To the class of 2015: Beware of the salad
Robert F. Kennedy once said, “Only those who dare to fail greatly can ever achieve greatly.” If that’s the case, then the Transportation Security Administration is set to achieve greatly any day now. In a series of undercover tests of their methods, the TSA got a grade of 95, but not the good kind. They detected weapons or explosives only 5 percent of the time. If the TSA were a high school abstinence-only curriculum, it would be that one in Texas that recently experienced an outbreak of chlamydia among 20 students. Airport security would be better off with Helen Keller in charge. And she’s dead.
I’ve experienced firsthand the TSA hard at work. One time, they let me bypass the metal detector while they wanded a nun. Another time, I encountered a longer airport security line than usual. Eventually, I got close enough to see what was causing the delay. They were detaining a woman, her suitcase splayed open on the conveyor belt, because she was trying to take a container of potato salad onto the plane. An emergency ad-hoc committee of TSA experts had assembled to determine whether potato salad is a solid, and therefore innocuous, or a liquid, and therefore an imminent threat that can be contained only by a quart-size Ziploc bag.
I stood there racking my brain, trying to deduce whether potato salad is a liquid or a solid. There are arguments on both sides. On the one hand, it sort of takes the shape of its container, which is a thing liquids do. On the other hand, it’s potatoes.

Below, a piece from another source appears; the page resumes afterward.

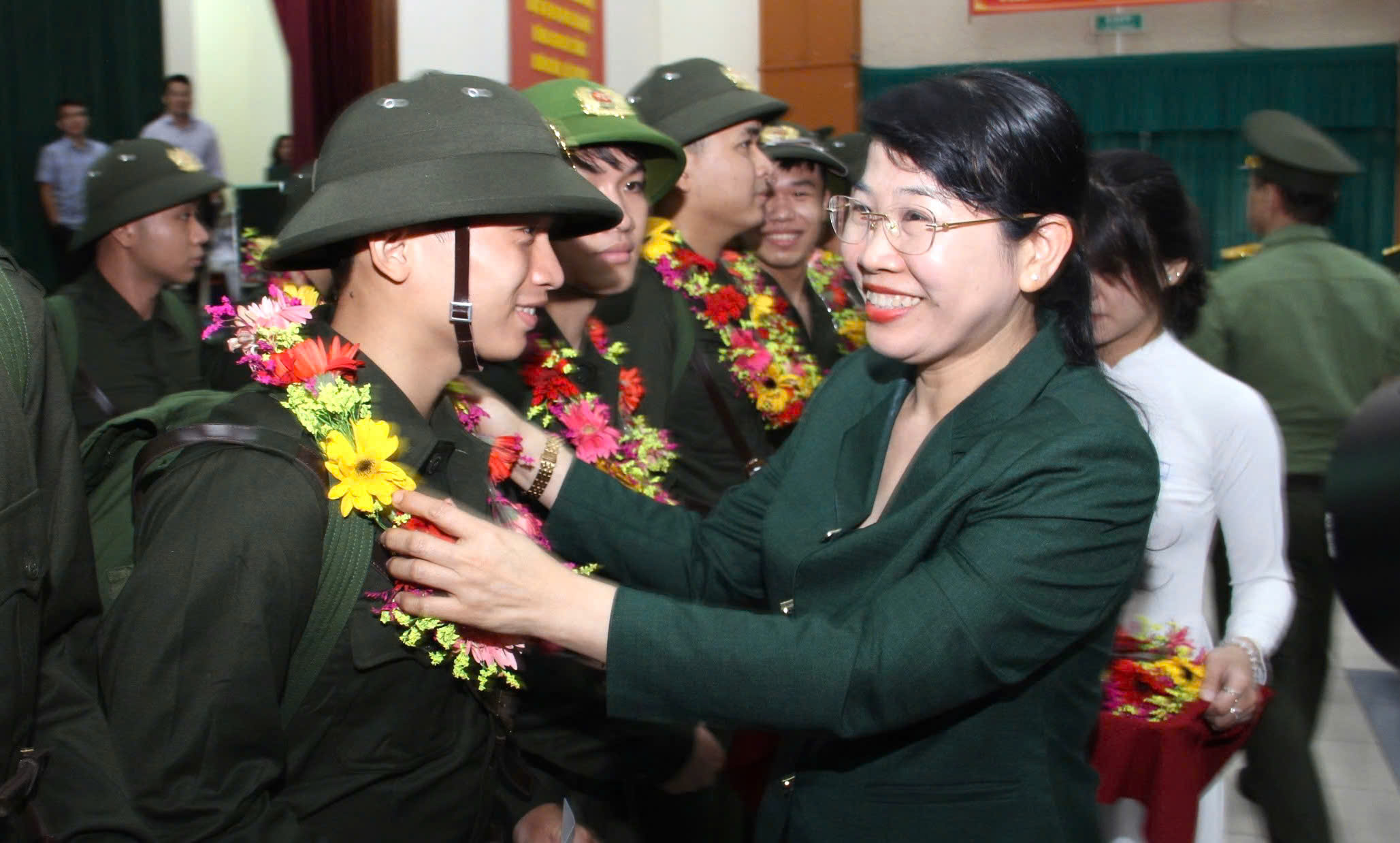 Đ/c Lê Thị Kim Hồng - Bí thư Quận ủy tặng hoa chúc mừng thanh niên trúng tuyển nghĩa vụ quân sự
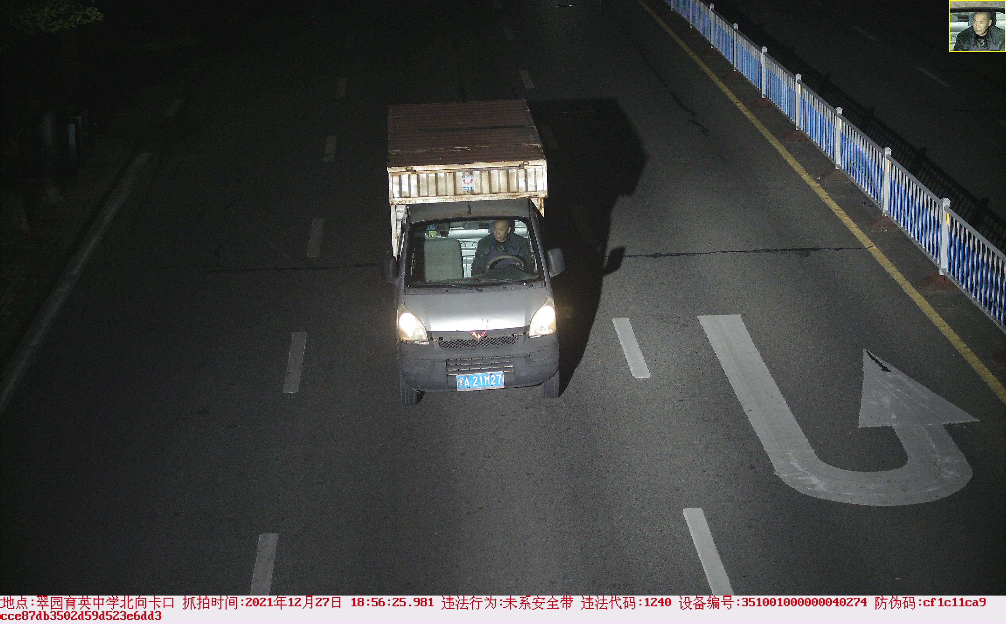2021年12月27日18時56分25秒 翠園育英中學北向卡口 閩A21M27 未系安全帶

I thought back to fifth-grade science class, when we learned the states of matter: gas, liquid, solid, … mayonnaise? I can never remember the fourth one. I don’t know if potato salad is a liquid or a solid. But I do know that if there’s a terrorist who can hijack a plane using potato salad, then they’ve won.
How hard could it be to make airport security an effective threat deterrent rather than an inconvenient spectacle? After all, we put a man on the moon.
That’s a strange expression, when you think about it. “We put a man on the moon!” — as if “we” did that, you and I, and not a crack squad of literal rocket scientists. “We” did not put a man on the moon. “We” cooked up conspiracy theories about how they faked the moon landing in a sound studio. “We” like to say that the moon is made of cheese. “They” put a man on the moon, not “we.”
I bet the people who actually put a man on the moon get pretty tired of hearing about it.
Imagine if you were one of those rocket scientists, and then you accidentally washed a shirt that’s dry-clean only, and your spouse said, “What is wrong with you? Didn’t you put a man on the moon?” Once you put a man on the moon, you’ve set a pretty high bar for yourself.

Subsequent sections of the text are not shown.